You can occur hours or even days later in the brain conceals that occur immediately after a head impact. While most of the brain conceals can recover within seven to ten days, some could take longer.

While the short-term effects typically include headaches, vomiting and dizziness, the long-term effects can cause symptoms such as long-term memory loss, depression and an increased risk of Alzheimer's disease.

Surface evaluation and management evaluation

The diagnosis of conceals is a challenge because they are not visible in conventional imaging techniques such as CT scans. Instead, brain concealing ratings are based on the clinical evaluation of the symptoms.

The NHL has a brain coating protocol in which the players have to be removed immediately for evaluation if you are suspected. The decision is based on observed physical, cognitive, emotional and sleep -related symptoms.

Other evaluation methods such as the Glasgow Coma Scale (GCS) are also used to evaluate TBIs and conceals. The GCS evaluates the severity of TBI by evaluating the opening of the eye, verbal reaction and motor reaction to a scale. The GCS value of 13-15 is classified as a mild TBI or a concussion.

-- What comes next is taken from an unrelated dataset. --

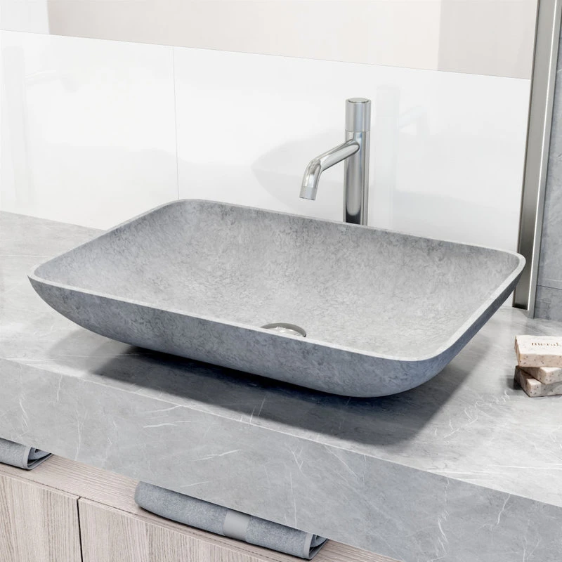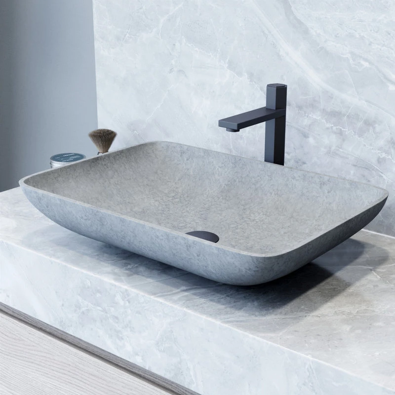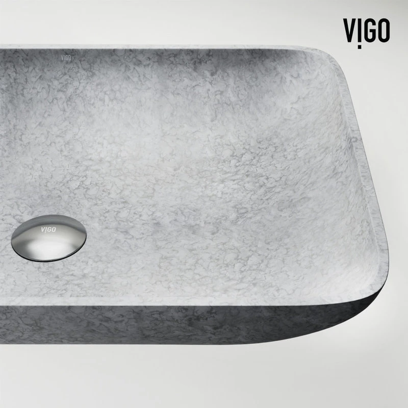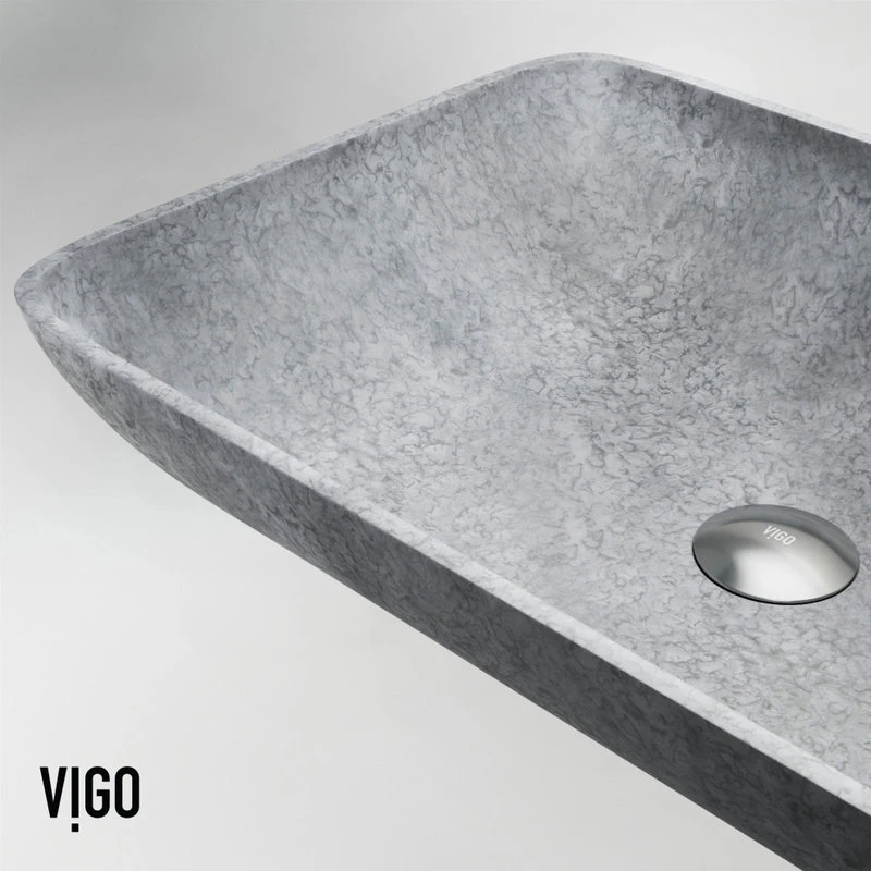 VIGO presents a beautiful bathroom vessel sink handcrafted from the Concreto Stone blend making this sink more durable and longer-lasting than traditional sink materials such as ceramic. VIGO Concreto Stone’s neutral gray color and rectangular shape complement any bathroom vessel faucet, wall mount, or countertop. Its enhanced durability ensures it remains a staple piece in your bathroom. The Concreto Stone Collection is ideal for traditional, transitional, and modern bathroom spaces.

Those who are suspected that there is a concussion should stop all activities and seek medical help in order to start a concussion and to receive instructions for recovery and rehabilitation.

Scertion of the brain and prediction

The reduction of sports -related crew's concealing rates requires a multifaceted approach, including political changes, strict enforcement of rules and increased education and awareness.

Protective equipment also plays a key role. Helmets in particular protect the head from injuries. A study showed that wearing a helmet in ice hockey can reduce the linear acceleration of the headyards, the rotation speed and the brain strain, which results from external effects. Continuous improvements in ice hockey helmet design can be further reduced.

In order to better understand and predict brain conceals, biomechanical researchers have developed injury metrics based on head kinematics and brain stem. Headkinematics-based injury metrics such as linear lace accelerations and top rotation acceleration are derived from the sensor-fitting movement.

Another promising approach includes metrics on brain stems that use high -friendly computer models to estimate the deformation of the brain tissue. Since the brain tribe is closely associated with the risk of brain injury, these models are valuable for the prediction and analysis of cerebral conception mechanisms.

Ultimately, the fight against concealing brain in ice hockey requires continuous interdisciplinary research in order to better understand and tackle brain conceals in ice hockey. Protecting players from concussion is of the utmost importance to ensure that the game develops as safe as competitive.